The preclinical evidence is extensive but relies heavily on the bleomycin mouse model, which reproduces acute fibrosis but does not perfectly replicate the chronic, progressive nature of human IPF. The silica model used for M10 captures occupational fibrosis mechanisms but has different pathobiology from idiopathic disease. Translation from mouse to human has failed for many promising fibrosis candidates in the past.
What the evidence does support is the biological plausibility of peptide-based approaches. The twelve peptides reviewed here target at least six distinct pathways in fibrotic signaling. Several show effects in multiple independent models. The caveolin-1 peptide (LTI-03) demonstrated activity in human IPF tissue ex vivo, which is a stronger translational signal than mouse data alone. And the pipeline's diversity means that failure of any single candidate does not invalidate the approach.
The timeline for this field is measured in years, not months. LTI-03's Phase 2 topline data, expected in Q3 2026, will be the first real test of whether peptide-based antifibrotic activity translates to measurable clinical benefit in IPF patients. If the RENEW trial shows a signal on FVC decline, it would validate not just LTI-03 but the broader concept of peptide therapeutics for fibrotic lung disease. If it does not, the preclinical candidates behind it will face even greater scrutiny from investors and regulators.

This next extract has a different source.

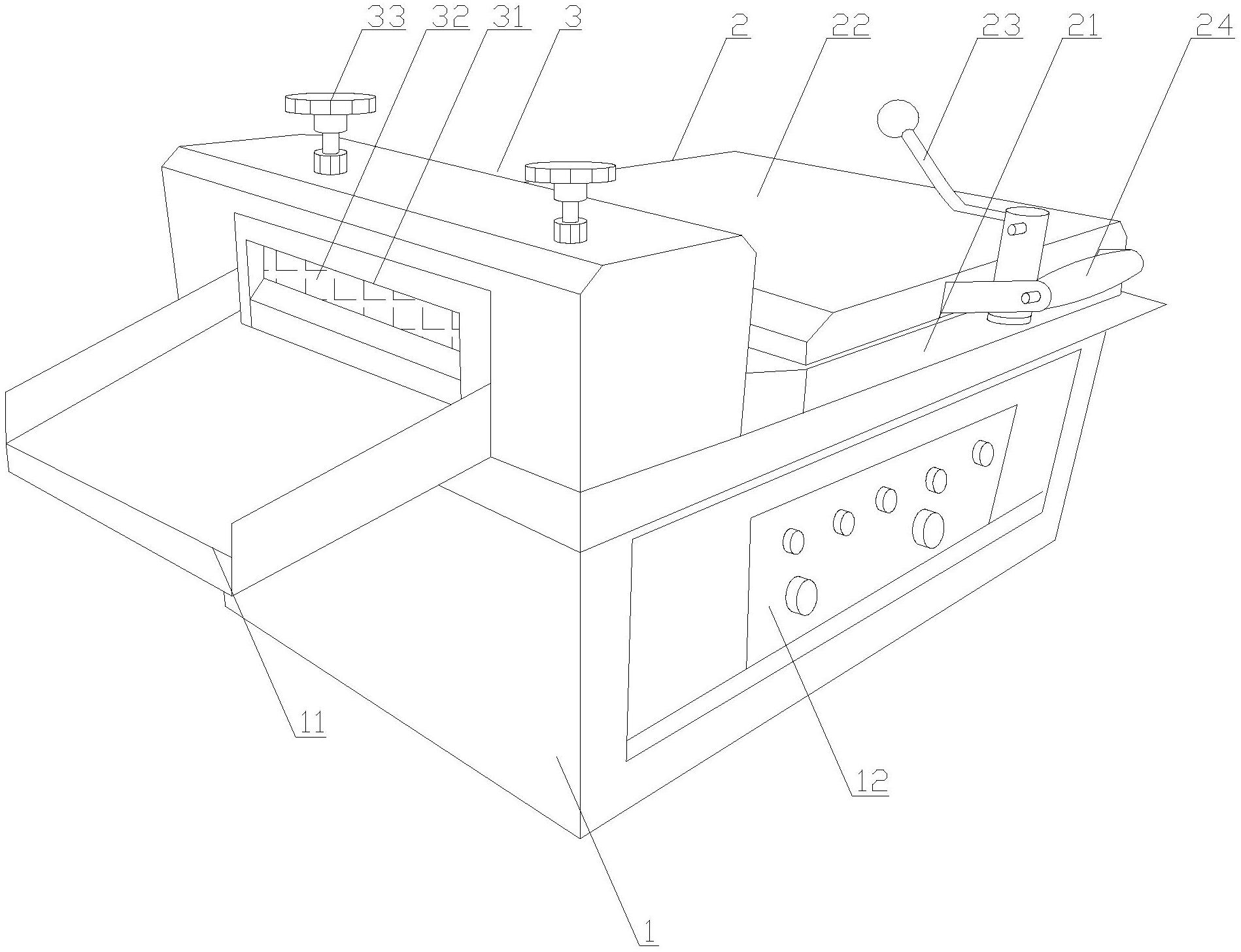 本实用新型公开的是一种紫菜加工用新型烤紫菜机,包括机箱、烤紫菜组件和裁切槽体,烤紫菜组件和裁切槽体分别固设于机箱的后侧和前侧,机箱内侧设置有伺服电机和发热电机且分别与裁切槽体和烤紫菜组件连接,烤紫菜组件包括底座和盖体,底座前侧设有卡紧扣,卡紧扣活动卡紧盖体,裁切槽体内侧装设有裁刀组件。本实用新型通过机箱顶部的前后侧分别设置裁切槽体和烤紫菜组件,实现紫菜的烘烤和裁切,提高加工效率,节约人工;烤紫菜组件的底座和盖体设有发热电丝,可进行双面烘烤,提高口感;通过裁切槽体内置裁刀组件,并可根据产品厚薄度通过调节旋钮调节,简单实用,本实用新型结构新颖,简单实用,能够很好提高产能,适合推广。

The lung's airway defense system, including defensin peptides that protect against infection, operates in the same tissue where fibrosis develops. Understanding how endogenous peptide defenses interact with fibrotic processes remains an open question that could inform future therapeutic design.
For collagen-related peptide markers used in fibrosis diagnosis, the evidence is substantially more mature than for therapeutic peptides. The diagnostic and therapeutic sides of fibrosis research inform each other, but they are at very different stages of clinical validation.
The Bottom Line
The peptide therapeutic pipeline for pulmonary fibrosis contains at least twelve candidates targeting distinct molecular pathways, with LTI-03 (Phase 2) and XFB-19 (Phase 1) as the only two in human clinical trials. The preclinical evidence supports biological plausibility across multiple mechanisms, but no peptide has yet demonstrated efficacy in a controlled human trial for IPF. The field's strength is its mechanistic diversity; its limitation is the distance between mouse models and human disease.